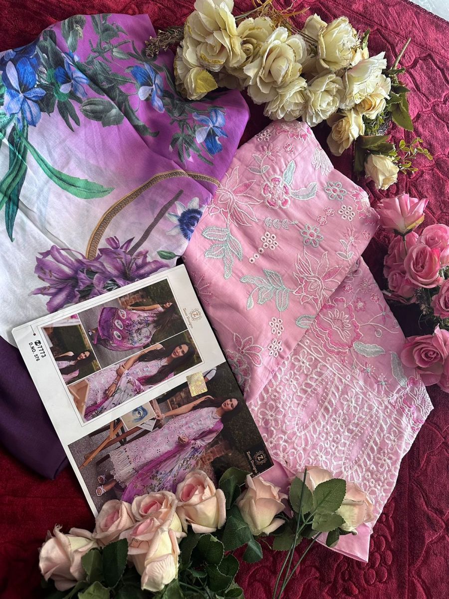 | FABRIC DETAILS | Cambric cotton very heavy embroidered all over semi stitched outfit unstitched cotton bottoms Very beautiful silk printed dupatta. |
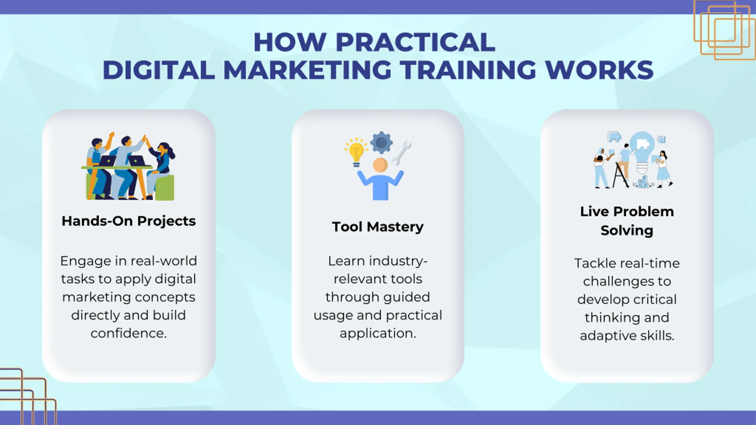 HOW PRACTICAL DIGITAL MARKETING TRAINING WORKS Live Problem Solving Hands-On Projects Tool Mastery Engage in real-world tasks to apply digital marketing concepts directly and build confidence. Learn industry- relevant tools through guided usage and practical application. Tackle real-time challenges to develop critical thinking and adaptive skills.
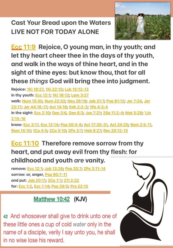 “As you do not know what is the way of the wind, Or how the bones grow in the womb of her who is with child, So you do not know the works of God who makes everything. But if a man lives many years And rejoices in them all, Yet let him remember the days of darkness, For they will be many. All that is coming is vanity. Rejoice, O young man, in your youth, And let your heart cheer you in the days of your youth; Walk in the ways of your heart, And in the sight of your eyes; But know that for all these God will bring you into judgment. Therefore remove sorrow from your heart, And put away evil from your flesh, For childhood and youth are vanity.” Ecclesiastes 11:5, 8-10 NKJV

_What to work on_:
From the line that contains "HOW PRACTICAL DIGITAL" to the end of the material above, output every line exactly, both ends included, but leave out any pictures.

_Output_:
 HOW PRACTICAL DIGITAL MARKETING TRAINING WORKS Live Problem Solving Hands-On Projects Tool Mastery Engage in real-world tasks to apply digital marketing concepts directly and build confidence. Learn industry- relevant tools through guided usage and practical application. Tackle real-time challenges to develop critical thinking and adaptive skills.
 “As you do not know what is the way of the wind, Or how the bones grow in the womb of her who is with child, So you do not know the works of God who makes everything. But if a man lives many years And rejoices in them all, Yet let him remember the days of darkness, For they will be many. All that is coming is vanity. Rejoice, O young man, in your youth, And let your heart cheer you in the days of your youth; Walk in the ways of your heart, And in the sight of your eyes; But know that for all these God will bring you into judgment. Therefore remove sorrow from your heart, And put away evil from your flesh, For childhood and youth are vanity.” Ecclesiastes 11:5, 8-10 NKJV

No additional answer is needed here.